Audit every significant internal link on your priority pages. For each link, ask: does the anchor text name the entity or concept that the linked page is authoritative for? If not, update the anchor text — this is one of the lowest-effort, highest-leverage GEO interventions available.
Bidirectional Linking Patterns
A knowledge graph is bidirectional. If your pillar page on Generative Engine Optimisation links to your page on Extractability Engineering, that spoke page should also link back to the pillar. This bidirectionality closes the graph loop and ensures that the entity association is reinforced from both directions — strengthening both pages’ positions within the entity cluster.
Practically, this means:
- Every spoke page should link to its hub using anchor text that names the hub’s primary entity
- Every hub page should link to each of its spoke pages with descriptive, entity-specific anchor text
- Adjacent spoke pages (e.g., two pages covering related techniques within the same cluster) should cross-link where their entities overlap
Identifying and Remedying Orphan Nodes
An orphan node is a page that lacks incoming links from within its relevant cluster. Orphan pages are invisible to the knowledge graph: the retrieval system cannot determine their relationship to the cluster’s entity domain, because no linking signal connects them to the cluster’s hub or spokes.
Orphan identification is a standard audit step (covered in Chapter 10). Remediation requires identifying the cluster the orphan page belongs to and adding at least two to three incoming links from relevant pages within that cluster, using entity-appropriate anchor text.
Cross-Cluster Linking
Topics do not exist in isolation. Entities in one cluster overlap with entities in adjacent clusters — for a GEO-focused site, the entities “structured data,” “schema markup,” and “machine readability” connect both to the extractability cluster and to the technical SEO cluster. Cross-cluster links, where the connection is logically relevant, reinforce both clusters by creating entity bridges that increase the retrieval model’s understanding of how topics relate.
When reviewing internal linking for a content cluster, apply these questions to each page:
- Does this page link to its hub page (or pillar) using the hub’s primary entity name?
- Does the hub link back to this page with anchor text that names this page’s primary entity?

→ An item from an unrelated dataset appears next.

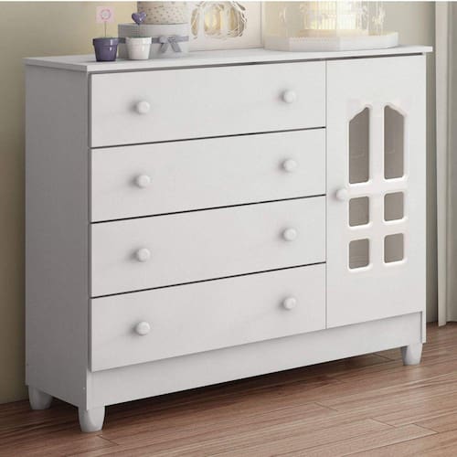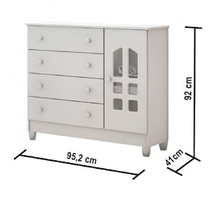 Quando o assunto é o quarto dos pequenos, os pais prezam pela beleza e organização, deixando-o sempre alegre e arrumado. Pensando nisso, a cômoda Selena foi feita pela Carolina baby, especialmente para manter o cantinho dos pequenos ainda mais aconchegante. Foi produzida em MDP/MDF de alta resistência que é apropriado para produção de móveis, ecologicamente correto, e elaborado com madeira reflorestada, apresentando alto nível de durabilidade, com 4 gavetas em MDF com corrediças telescópicas e sistema de travas de segurança, 1 porta em MDF com dobradiças metálicas. Pintura em acabamento por camadas de verniz fotocurado UV de composição atóxica, que deixará seu produto com cara de novo por mais tempo e dar um toque de sofisticação e modernidade para o quarto do seu baby Acabamento da Gaveta: Pintura UV Acabamento da Porta: Pintura Texturizada UV Acabamento da Prateleira: Pintura UV Acompanha a Almofada: Não Altura dos Pés: 10 cm Ambiente: Quarto de Bebê Ambiente Principal: Quarto de Bebê Complexidade da Montagem: Média: pode ser montado por mais de uma pessoa e/ou necessite de maior conhecimento para montagem Cor: Branco Brilho Cor do Produto: Branco Brilho Cor Interna: branco Escala de Brilho: Brilhante Escala de Brilho da Porta: Brilhante Escala de Brilho da Prateleira: Brilhante Gaveta com Chave: Não Itens Inclusos: 1 Cômoda de Bebê e Manual de Montagem. Manual de Montagem e Instalação: https://cdn2.madeiramadeira.com.br/atributo/carolina-moveis/516408-284795.pdf Material da Gaveta: MDP Material da Porta: MDF Material da Prateleira: MDP Material do Fundo: HDF Material do Puxador da Gaveta: PVC Material do Puxador da Porta: PVC Material dos Pés: PVC Material Principal: MDF/MDP Necessita Montagem: Sim Origem do Produto: Nacional Peso: 32,5 kg Peso Máximo por Gaveta: 15 kg Peso Máximo por Prateleira: 15 kg Possui Espelho: Não Possui Nichos: Não Possui Pés: 04 Possui Portas: 01 Possui Prateleiras: 01 Possui Trocador: Não Recomendações de Uso, Manutenção e Limpeza: Limpeza com pano seco Sapatas Niveladoras: Não Sistema de Montagem: Cavilhas e Parafusos Suporta Até (kg): 50 kg Tipo de Corrediça da Gaveta: Metálica Telescópica Tipo de Dobradiça/Corrediça da Porta: Metálica Tipo de Puxador da Gaveta: Externo Tipo de Puxador da Porta: Externo

- Do any adjacent spoke pages link to this page where their entities overlap?
- Are there any pages in this domain that should link here but do not?
- Is this page accessible within two clicks from the hub?

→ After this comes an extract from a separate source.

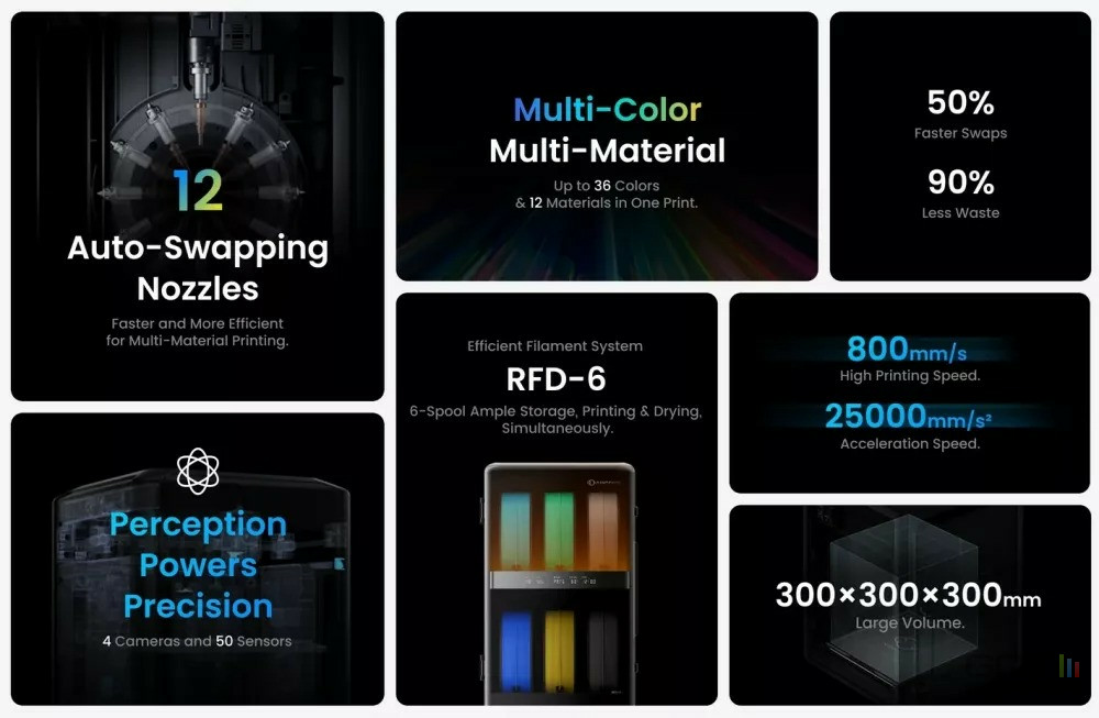 La machine est aussi truffée de technologie : plus de 50 capteurs internes et quatre caméras assistées par IA surveillent le processus en temps réel pour détecter les défauts et automatiser la calibration. Le système peut être connecté à six boîtiers de séchage RFD-6, portant la capacité totale à 36 bobines de filament, bien que seules 12 puissent être actives simultanément via les buses.

Internal linking in GEO is knowledge graph design — the deliberate construction of an entity graph that tells retrieval systems what your site is authoritative for. The hub-and-spoke cluster model is the most effective architecture: pillar pages define the entity domain, spoke pages reinforce specific entities, and bidirectional entity-rich anchor text closes the graph loop. Orphan pages are graph failures that must be remedied. Cross-cluster linking creates entity bridges that strengthen both clusters.
Structural Auditing Workflow
Theory becomes practice through systematic auditing. A structural GEO audit examines a content system — a site, a cluster, or a single page — through each layer of the GEO Stack, producing a prioritised action list that connects structural problems to measurable impact. This chapter describes a six-step audit workflow suitable for page-level and cluster-level analysis.

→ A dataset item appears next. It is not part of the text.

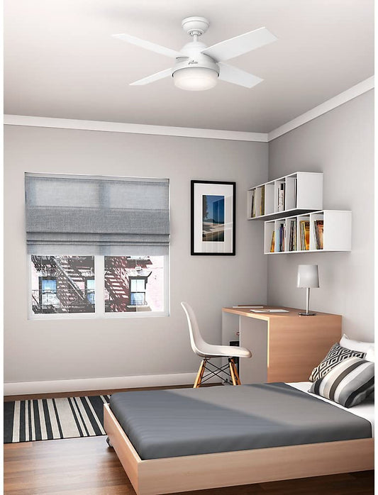 Hunter Fan Dempsey Low Profile Indoor Ceiling Fan with LED Light and Remote Control, Metal, Fresh White, 44 Inch

Step 1: Define Scope and Query Set
Before auditing structure, define what you are auditing for. A GEO audit without a target query set produces structural observations without commercial context. Specify:
- The page or cluster being audited
- The 10–20 queries this content should be retrieved for
- The commercial outcome associated with those queries (lead generation, product awareness, direct conversion)
- The primary AI platform(s) to optimise for (Google AI Overviews, Perplexity, ChatGPT — each has different retrieval characteristics)
Step 2: Retrieval Test (Layer 1 Check)
Run the target queries in the primary AI platforms. Document whether your content appears in generated responses. This is your baseline retrieval measurement. For each query:
- Record whether your content was cited (yes/no)
- If cited: note which specific section was quoted or paraphrased
- If cited: note whether your brand entity was explicitly named
- If not cited: note which competing source was used instead, and in brief, why
Run each query at least three times to account for generative variability. Document the aggregated results. This gives you an empirical baseline before any structural changes.
Step 3: Extractability Audit (Layer 2 Check)
Using the Extractability Checklist (Appendix A), audit each section of the target page. Score each section and identify low-scoring sections as priority rewrite candidates. Additionally apply the three isolation tests:
- Section independence test — Copy the section text into a blank document. Does it make sense without context? Note any contextual dependencies.
- Compression test — Write a one-sentence summary of the section. Does the summary retain the core claim? If not, the claim is too buried or too qualified.
- Answer location test — Identify which sentence contains the main answer. Is it in the first two sentences? If not, the section needs answer-first restructuring.
Step 4: Entity Gravity Audit (Layer 3 Check)
Review entity usage across the page and cluster:
| Entity Gravity Check | Finding | Priority |
|---|---|---|
| Canonical entity names used consistently? | □ Y / □ N | High if N |
| Primary entity named in section openings? | □ Y / □ N | High if N |
| Entity appears every ~200 words in long sections? | □ Y / □ N | Medium if N |
| Related entity co-occurrences present? | □ Y / □ N | Medium if N |
| Schema markup applied (Organization, Article, FAQ)? | □ Y / □ N | High if N |
| Synonym drift present (multiple forms of same entity)? | □ Y / □ N | High if Y |
Step 5: Structural Authority Audit (Layer 4 Check)
Map the cluster’s link architecture:
- List all pages in the cluster
- For each page, record: incoming links from cluster pages; outgoing links to cluster pages; anchor text used for each link
- Identify orphan pages (zero incoming links from cluster)
- Identify weak hub connections (hub page links to few spokes, or spokes link back with generic anchor text)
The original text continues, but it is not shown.